Short Run screenshot showing the app interface

I’ve been building my own collection of Shortcuts on macOS for the past year - everything from opening specific folders and running build scripts to toggling system settings and processing files. The problem is that Apple’s built-in Shortcuts menu bar item dumps them all into one long, unorganized list that becomes impossible to navigate once you have more than a handful.

Short Run, by indie developer Sindre Sorhus, solves this with a reimagined approach to running shortcuts from your menu bar. What caught my attention immediately was the organization. Instead of that endless flat list, I can group my shortcuts into sections and submenus. My development shortcuts live under a “Dev” folder, meeting-related ones under “Work”, and personal automation under “Other”. When I click the menu bar icon, I see a clean, organized structure that actually makes sense.

The app-specific shortcuts feature has become essential to my workflow. I configured certain shortcuts to only appear when specific apps are active. When I’m in Xcode, my build and deployment shortcuts appear. When I’m in Safari, my web development utilities show up. The menu adapts to what I’m doing rather than showing me everything all the time.

I’ve been testing Short Run on my Mac Mini M4 running macOS 15.4, and the keyboard navigation is where this app really shines. I set Command+Shift+S as my hotkey to open the menu. From there, I can use arrow keys to navigate and Return to execute. But here’s the clever part - when the menu is open, shortcuts are assigned quick keys from 1-9 and a-z. My most-used shortcuts get number keys, so opening the menu and hitting “1” runs my most frequent task in under a second.

The app includes a URL scheme (shortrun://) that runs shortcuts silently in the background without opening the Shortcuts app. This might seem minor, but when you’re automating workflows or triggering shortcuts from other apps, not having that brief flash of the Shortcuts window makes everything feel more polished.

Resource usage is minimal - around 40MB of memory and negligible CPU unless actually running a shortcut. The menu bar icon is customizable with several style options to match your aesthetic preferences. I appreciated that option-clicking a shortcut in the menu opens it for editing in the Shortcuts app, a small touch that saves several clicks when I need to make quick adjustments.

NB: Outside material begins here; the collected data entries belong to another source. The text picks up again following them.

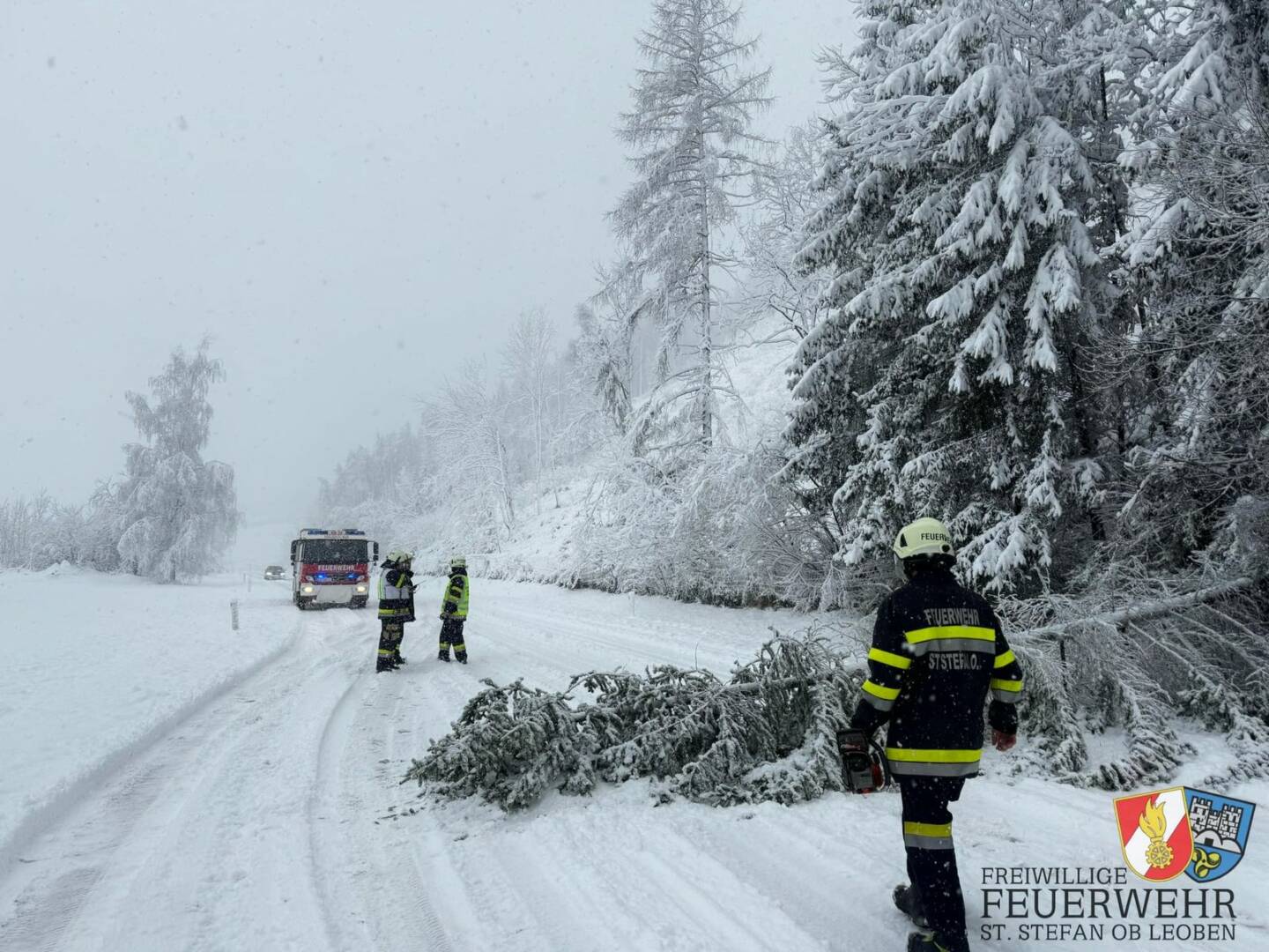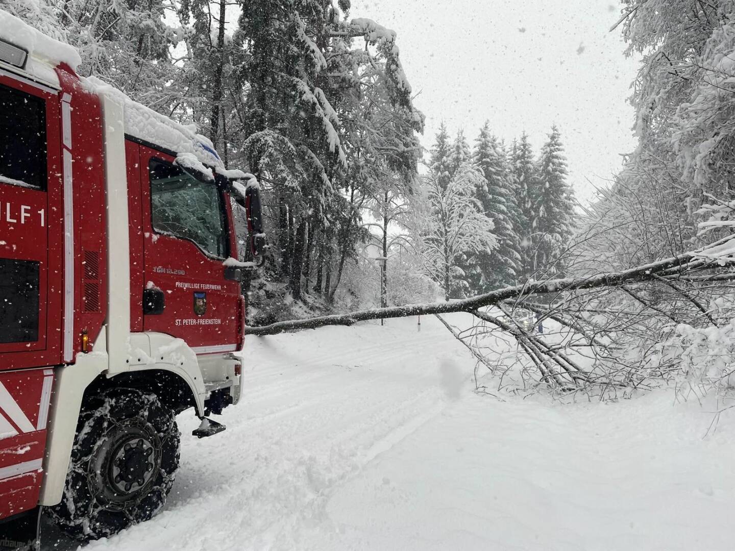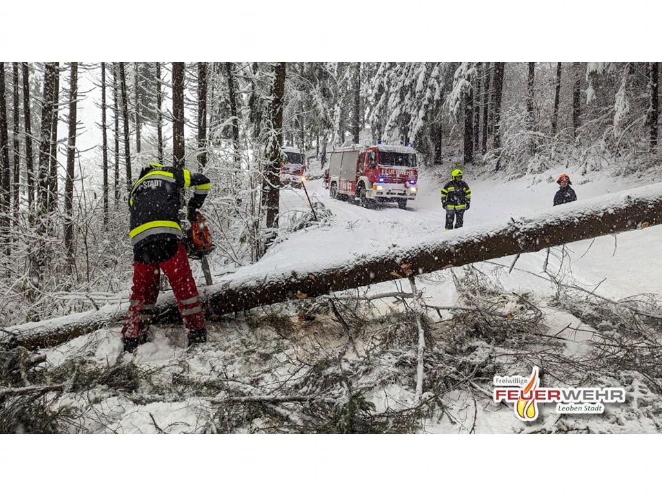 Der massive Schneefall am Samstag, den 2. Dezember, forderte auch die Feuerwehren des gesamten Bereichsfeuerwehrverbandes Leoben enorm. Rund 300 Einsatzkräfte von 19 Feuerwehren mussten seit den frühen Morgenstunden den gesamten Samstag über 120 Einsätze bewältigen.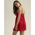 Risky kleitas dizains, kas valdzina ar savu jutekliskumu un neatstāj vienaldzīgu nevienu. Elegantas mežģīnes apņem krūtis, uzsverot to līknes, savukārt caurspīdīgais audums maigi krīt, pavedinoši atklājot augumu. Dziļš šķēlums priekšpusē padara katru mirkli valdzinošu, un piesātināti sarkanā krāsa vēl vairāk pastiprina tās drosmīgo un kaislīgo pievilcību. Risky ir izvēle sievietēm, kurām patīk uzsvērt savu sievišķību un apzināti spēlēties ar savām emocijām. Materiāla sastāvs: Mežģīnes: 90% poliamīds, 10% elastāns. Tīklveida audums: 90% poliamīds, 10% elastāns.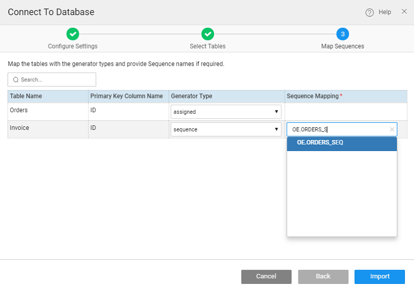 For databases that support sequences (Oracle, SQL Server, PostgreSQL, DB2, etc.) for the Primary Key generation, the mapping of Primary Key columns to the respective Sequences can be done at the time of connecting to Database.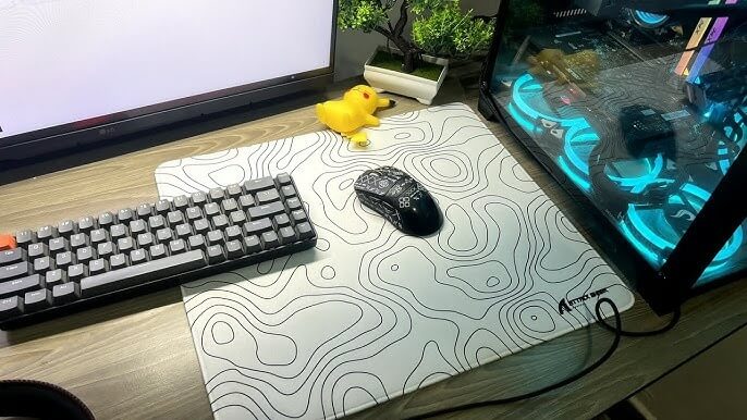 A começar pela opção mais em conta da lista, o Attack Shark Esport traz uma base de borracha de aproximadamente 4mm e apresenta bordas costuradas. É de nível intermediário: nem tão rápido, nem tão lento.

Short Run is available on the Mac App Store for $4.99 (one-time purchase) and requires macOS 14.0 or newer. Like all of Sindre’s apps, your data never leaves your device - shortcuts are read directly from the Shortcuts app with no cloud services or external connections involved.

The only limitation I’ve encountered is that you need to set up your shortcuts in Apple’s Shortcuts app first. Short Run doesn’t create or edit shortcuts, it just provides a better way to access them. For users who don’t already have a collection of shortcuts built up, there’s a learning curve to getting value from this app.

After two weeks of daily use, Short Run has become my primary way to interact with shortcuts on macOS. The built-in menu bar item still exists, but I never use it anymore. For anyone who’s invested time in building macOS automations but finds them tedious to actually run, this app transforms shortcuts from “technically possible” to “genuinely practical”.